BEGIN Input data

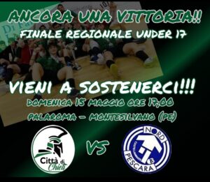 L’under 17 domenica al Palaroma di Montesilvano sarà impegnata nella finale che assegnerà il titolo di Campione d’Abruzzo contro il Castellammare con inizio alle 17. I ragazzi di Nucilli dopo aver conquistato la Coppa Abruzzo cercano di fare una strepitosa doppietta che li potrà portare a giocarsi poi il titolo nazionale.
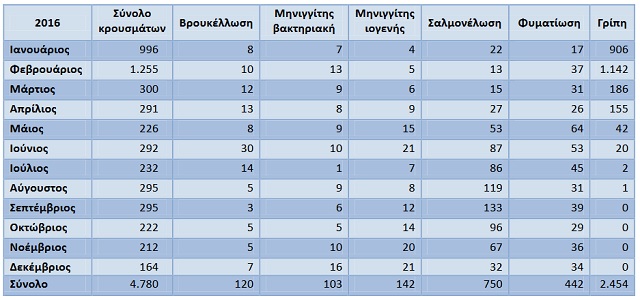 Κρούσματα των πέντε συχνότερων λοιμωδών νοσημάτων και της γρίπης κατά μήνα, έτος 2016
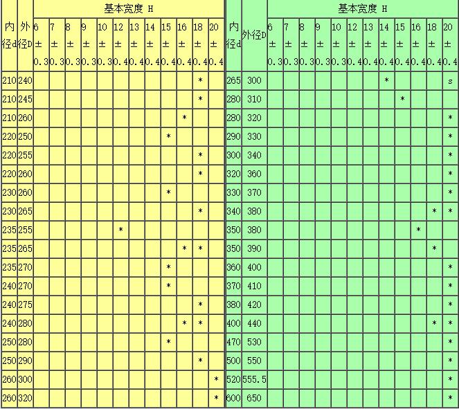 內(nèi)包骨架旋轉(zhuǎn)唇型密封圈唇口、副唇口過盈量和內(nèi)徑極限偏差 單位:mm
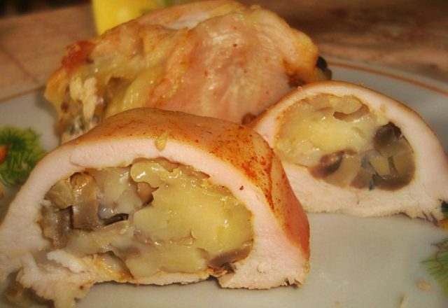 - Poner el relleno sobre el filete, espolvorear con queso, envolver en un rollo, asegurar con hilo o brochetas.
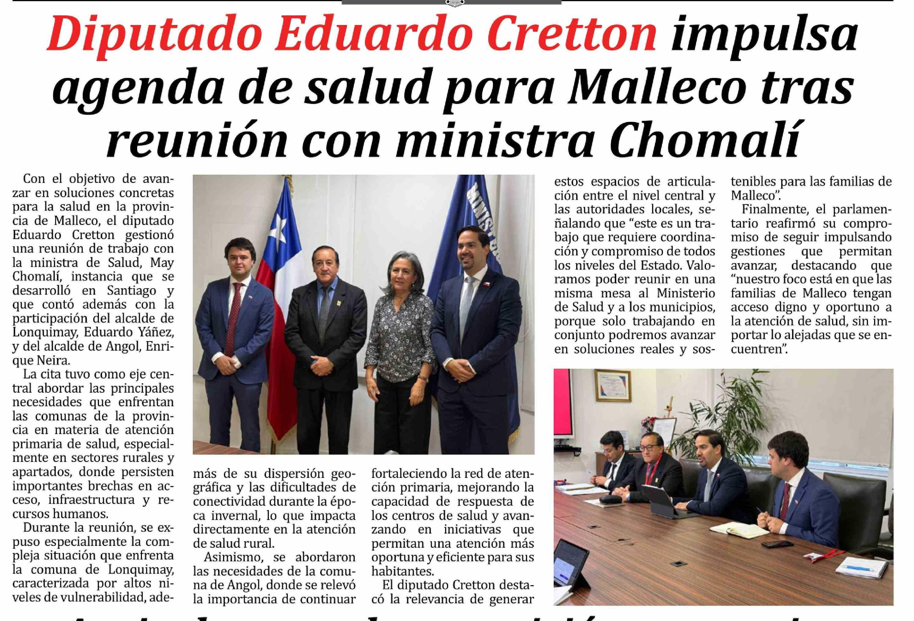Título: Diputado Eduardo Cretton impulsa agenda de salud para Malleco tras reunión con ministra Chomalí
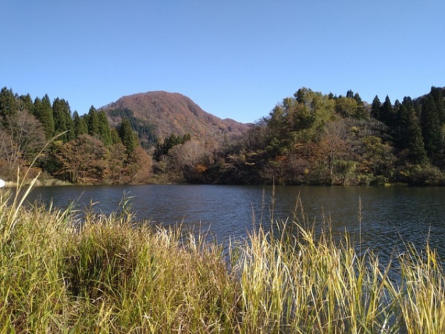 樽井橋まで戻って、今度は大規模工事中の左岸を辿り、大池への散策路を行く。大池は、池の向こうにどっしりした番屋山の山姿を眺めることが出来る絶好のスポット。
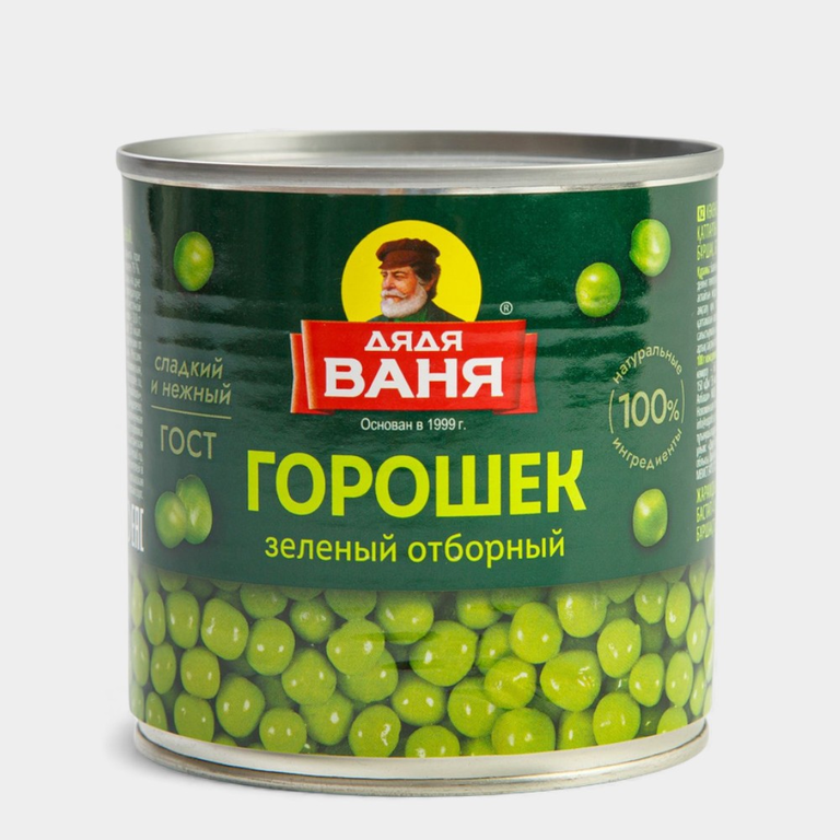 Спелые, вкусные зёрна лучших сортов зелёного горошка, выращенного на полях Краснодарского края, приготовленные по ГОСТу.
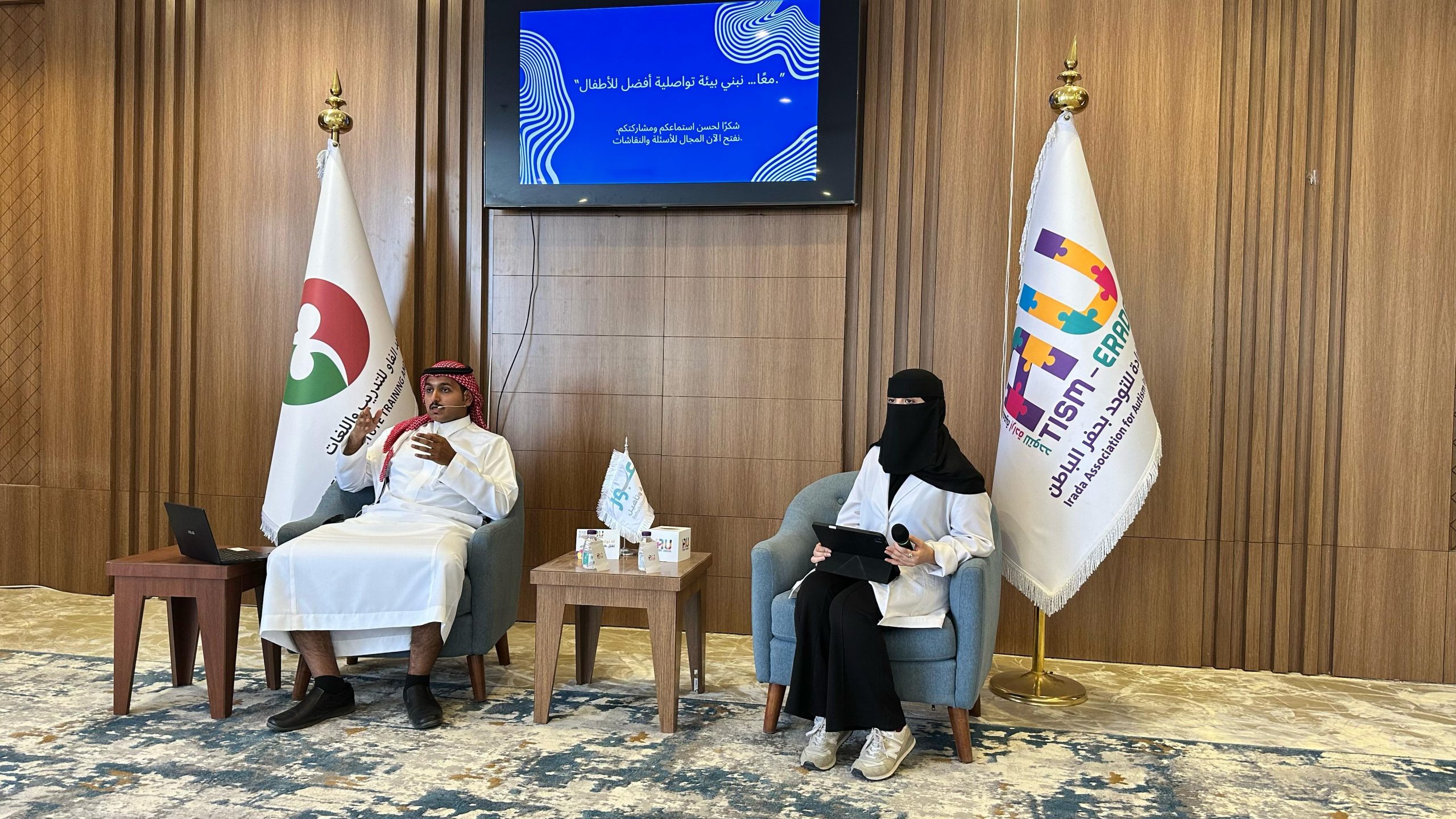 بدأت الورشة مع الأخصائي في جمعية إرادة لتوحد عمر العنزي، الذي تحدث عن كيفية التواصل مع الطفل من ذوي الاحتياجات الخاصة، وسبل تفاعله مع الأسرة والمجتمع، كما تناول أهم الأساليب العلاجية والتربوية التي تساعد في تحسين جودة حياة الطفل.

END Input data

◆ Requirement:
After removing the pictures, set down every record above exactly as it stands.

◆ Task result:
 L’under 17 domenica al Palaroma di Montesilvano sarà impegnata nella finale che assegnerà il titolo di Campione d’Abruzzo contro il Castellammare con inizio alle 17. I ragazzi di Nucilli dopo aver conquistato la Coppa Abruzzo cercano di fare una strepitosa doppietta che li potrà portare a giocarsi poi il titolo nazionale.
 Κρούσματα των πέντε συχνότερων λοιμωδών νοσημάτων και της γρίπης κατά μήνα, έτος 2016
 內(nèi)包骨架旋轉(zhuǎn)唇型密封圈唇口、副唇口過盈量和內(nèi)徑極限偏差 單位:mm
 - Poner el relleno sobre el filete, espolvorear con queso, envolver en un rollo, asegurar con hilo o brochetas.
Título: Diputado Eduardo Cretton impulsa agenda de salud para Malleco tras reunión con ministra Chomalí
 樽井橋まで戻って、今度は大規模工事中の左岸を辿り、大池への散策路を行く。大池は、池の向こうにどっしりした番屋山の山姿を眺めることが出来る絶好のスポット。
 Спелые, вкусные зёрна лучших сортов зелёного горошка, выращенного на полях Краснодарского края, приготовленные по ГОСТу.
 بدأت الورشة مع الأخصائي في جمعية إرادة لتوحد عمر العنزي، الذي تحدث عن كيفية التواصل مع الطفل من ذوي الاحتياجات الخاصة، وسبل تفاعله مع الأسرة والمجتمع، كما تناول أهم الأساليب العلاجية والتربوية التي تساعد في تحسين جودة حياة الطفل.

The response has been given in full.